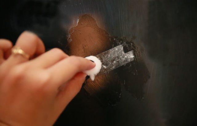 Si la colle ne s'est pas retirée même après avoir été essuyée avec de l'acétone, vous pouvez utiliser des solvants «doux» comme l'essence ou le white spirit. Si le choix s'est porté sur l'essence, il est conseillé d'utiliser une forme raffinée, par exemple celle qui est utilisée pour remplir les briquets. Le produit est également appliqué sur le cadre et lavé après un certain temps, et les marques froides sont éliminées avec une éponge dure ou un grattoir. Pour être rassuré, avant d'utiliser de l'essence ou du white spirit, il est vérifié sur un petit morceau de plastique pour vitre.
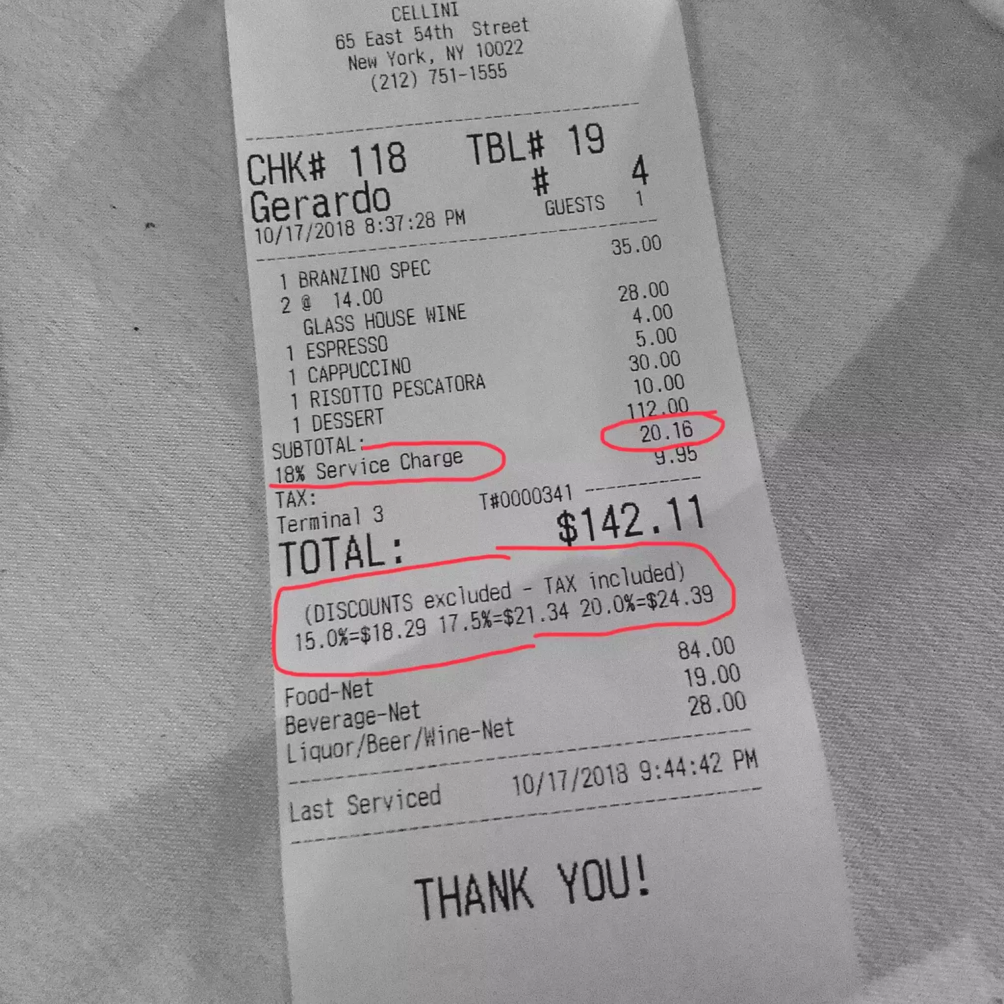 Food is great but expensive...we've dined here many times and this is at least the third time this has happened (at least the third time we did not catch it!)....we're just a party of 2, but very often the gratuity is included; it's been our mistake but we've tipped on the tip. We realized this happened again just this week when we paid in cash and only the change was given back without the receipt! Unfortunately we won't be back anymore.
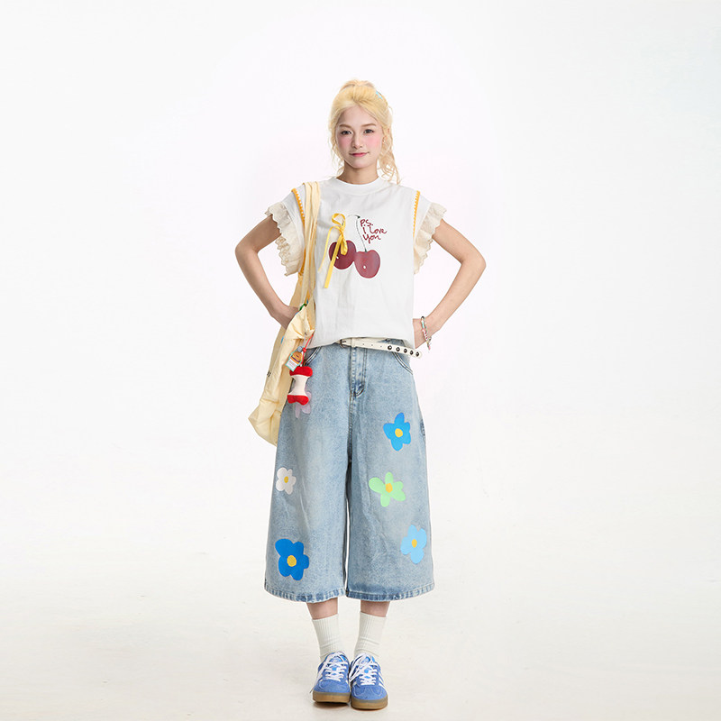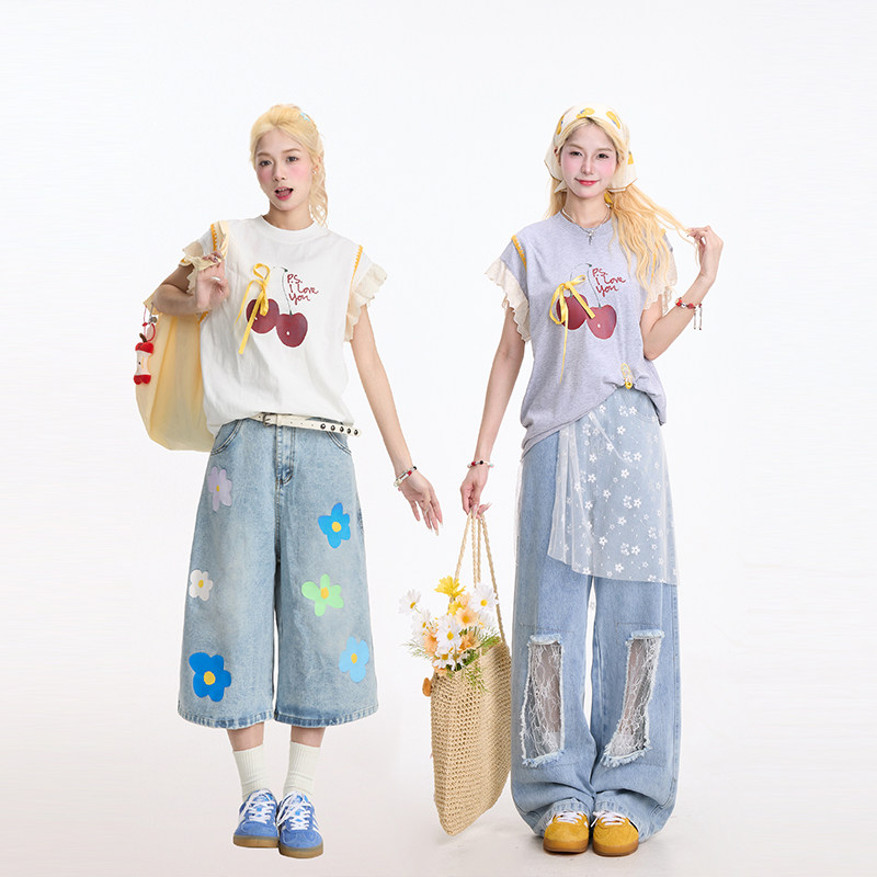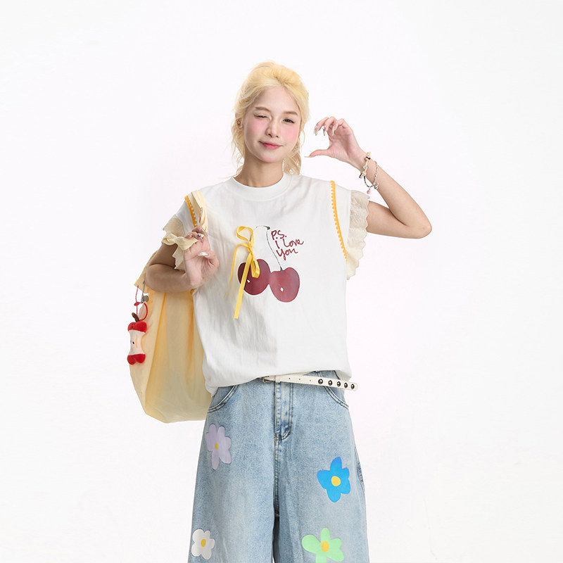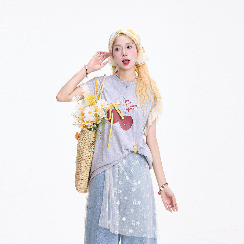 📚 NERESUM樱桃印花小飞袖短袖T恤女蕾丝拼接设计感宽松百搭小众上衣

---

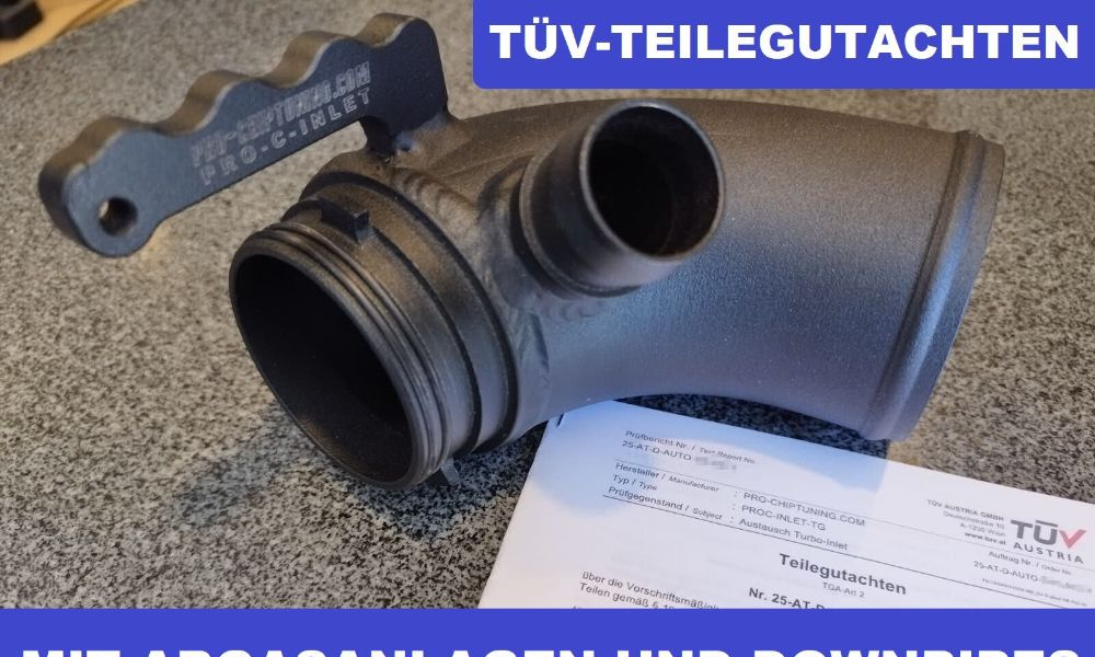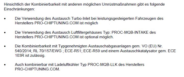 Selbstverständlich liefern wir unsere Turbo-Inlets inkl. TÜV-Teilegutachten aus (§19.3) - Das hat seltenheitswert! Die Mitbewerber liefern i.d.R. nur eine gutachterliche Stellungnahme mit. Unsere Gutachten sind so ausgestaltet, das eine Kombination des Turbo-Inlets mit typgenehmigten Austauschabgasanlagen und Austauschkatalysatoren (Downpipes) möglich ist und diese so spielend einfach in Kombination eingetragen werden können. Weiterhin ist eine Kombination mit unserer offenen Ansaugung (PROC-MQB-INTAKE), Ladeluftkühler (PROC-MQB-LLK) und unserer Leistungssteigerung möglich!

==

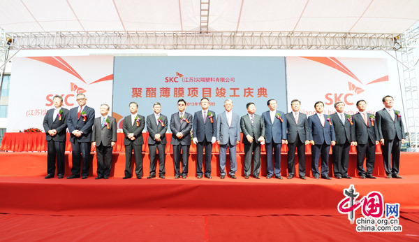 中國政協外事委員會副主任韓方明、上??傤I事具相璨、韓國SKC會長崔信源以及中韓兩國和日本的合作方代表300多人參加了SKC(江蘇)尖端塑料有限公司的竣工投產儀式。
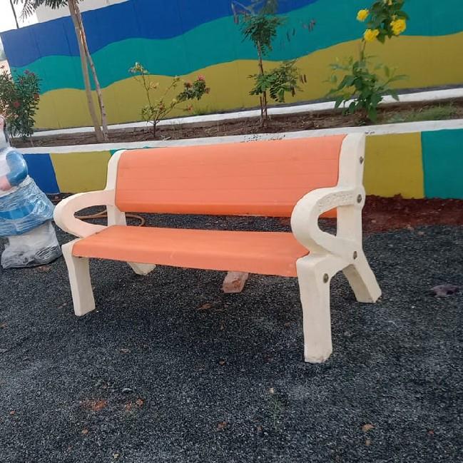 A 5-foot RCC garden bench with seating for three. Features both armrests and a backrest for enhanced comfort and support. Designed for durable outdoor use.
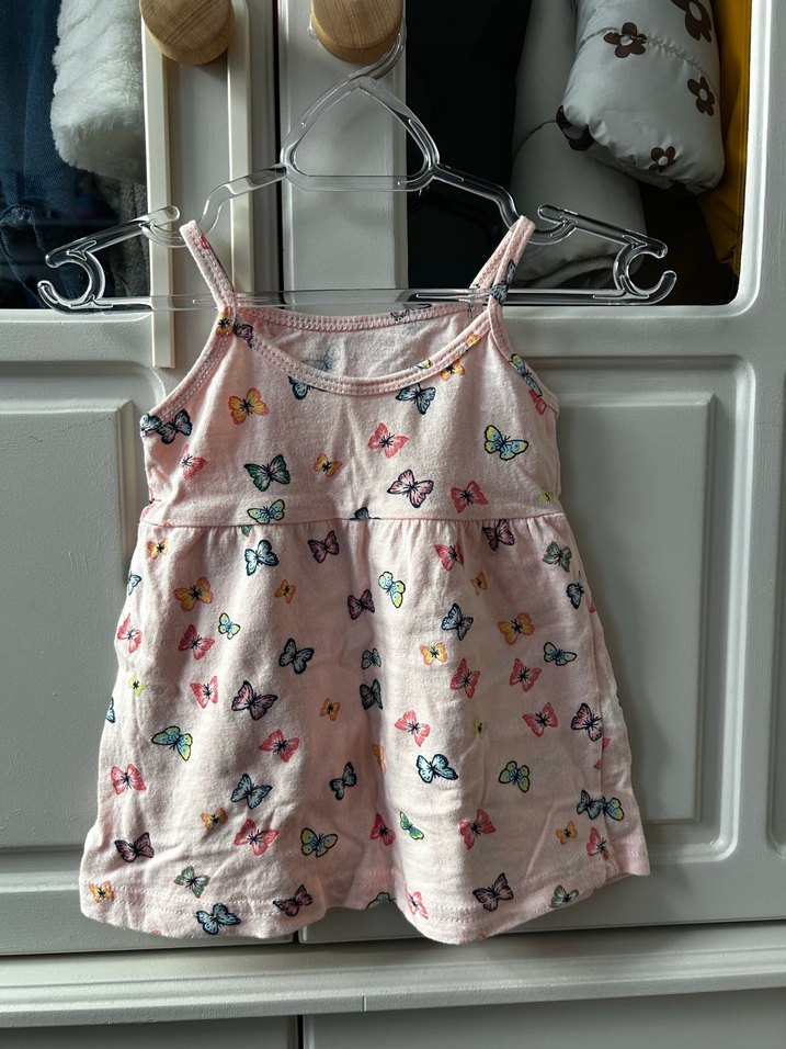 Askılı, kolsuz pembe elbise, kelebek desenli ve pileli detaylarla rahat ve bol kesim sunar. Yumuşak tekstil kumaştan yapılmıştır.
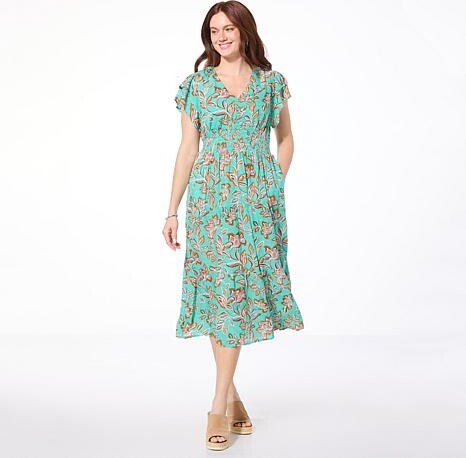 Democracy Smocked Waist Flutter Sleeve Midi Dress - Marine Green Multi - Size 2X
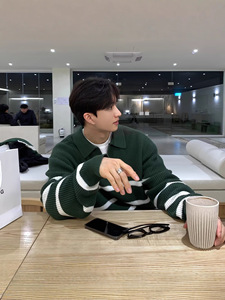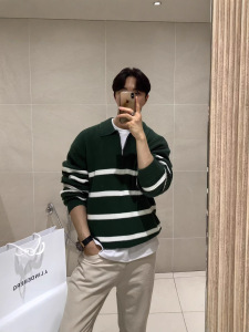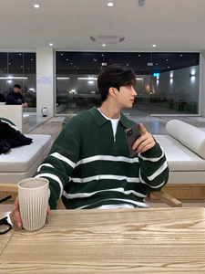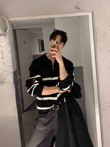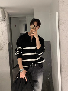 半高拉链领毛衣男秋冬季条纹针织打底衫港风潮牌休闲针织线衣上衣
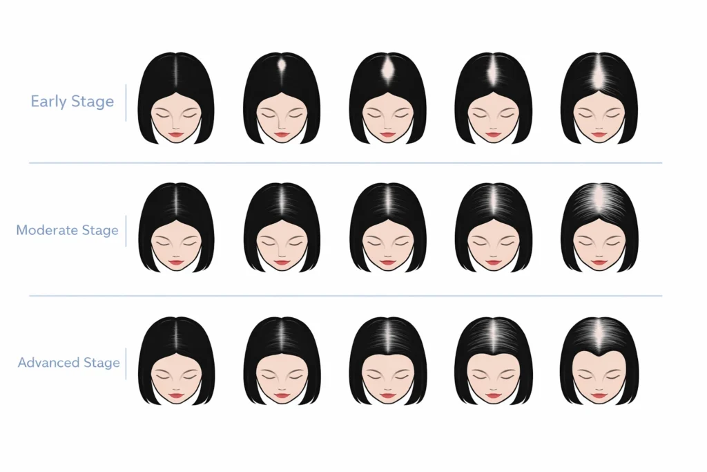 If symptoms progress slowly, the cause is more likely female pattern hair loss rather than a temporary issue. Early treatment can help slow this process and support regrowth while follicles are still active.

▸ Task: Your answer should consist of the lines above between those holding "半高拉链领毛衣男秋冬季条纹针织打底衫港风潮牌休闲针织线衣上衣" and "If symptoms progress", inclusive, reproduced word for word and without pictures.

▸ Response to the exercise:
 半高拉链领毛衣男秋冬季条纹针织打底衫港风潮牌休闲针织线衣上衣
 If symptoms progress slowly, the cause is more likely female pattern hair loss rather than a temporary issue. Early treatment can help slow this process and support regrowth while follicles are still active.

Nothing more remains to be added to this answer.